## [PROBLEM]
All lines from the one containing "Every time you" through the last line of the listing below are to be copied exactly. Exclude the pictures.

━━━ INFORMATION SHOWN ━━━

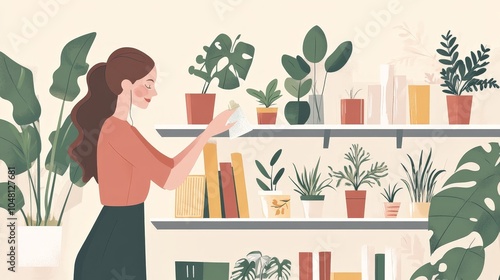 A young woman wiping down a shelf filled with plants and books in a minimalist, modern home, her focus on cleanliness, with a bright and organized interior in the background
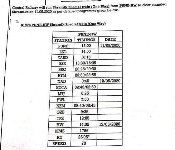 ही दोपहर 1 बजे पुणे से भी 1200 प्रवासियों को लेकर एक ट्रेन हरिद्वार के लिए प्रस्थान करेगी, उत्तराखंड पुलिस के फेसबुक पेज पर दी गई जानकारी के मुताबिक पुणे से चलने वाली ट्रेन का शेड्यूल जारी हो चुका है जो कि दोपहर 1 बजे पुणे से चलेगी।
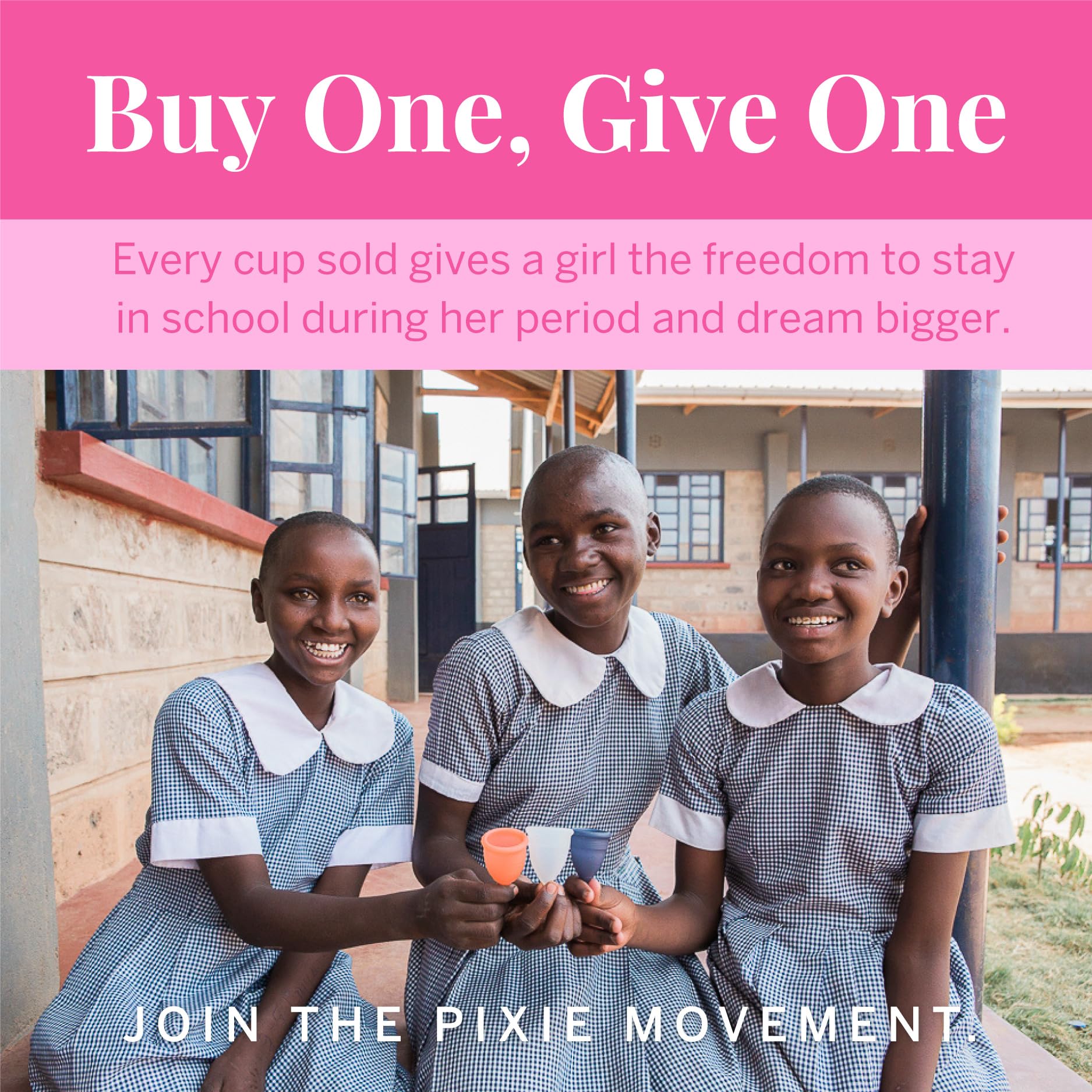 Every time you purchase a Pixie Cup, a cup is donated to a woman in need. Here at Pixie, our goal is for every woman to have access to period products, and you can help make that difference! With help from people like you, we’ve donated 135,000+ Pixie Cups so far! You can read more about our Buy One Give One program here.
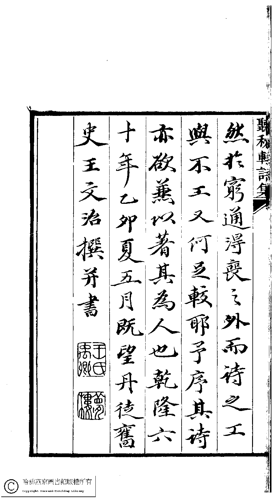 | (PRINT FRIENDLY VERSION) 聽秋軒詩集﹕三卷(清駱綺蘭撰) ![]() Page : 王序.2b | click for larger image | 聽秋軒詩集﹕三卷(清駱綺蘭撰)![]() Page : 王序.2a | click for larger image | 聽秋軒詩集﹕三卷(清駱綺蘭撰)![]() Page : 王序.1b | click for larger image | 聽秋軒詩集﹕三卷(清駱綺蘭撰)![]() Page : 王序.1a | click for larger image |

━━━

## [RESPONSE AREA]
 Every time you purchase a Pixie Cup, a cup is donated to a woman in need. Here at Pixie, our goal is for every woman to have access to period products, and you can help make that difference! With help from people like you, we’ve donated 135,000+ Pixie Cups so far! You can read more about our Buy One Give One program here.
 | (PRINT FRIENDLY VERSION) 聽秋軒詩集﹕三卷(清駱綺蘭撰) ![]() Page : 王序.2b | click for larger image | 聽秋軒詩集﹕三卷(清駱綺蘭撰)![]() Page : 王序.2a | click for larger image | 聽秋軒詩集﹕三卷(清駱綺蘭撰)![]() Page : 王序.1b | click for larger image | 聽秋軒詩集﹕三卷(清駱綺蘭撰)![]() Page : 王序.1a | click for larger image |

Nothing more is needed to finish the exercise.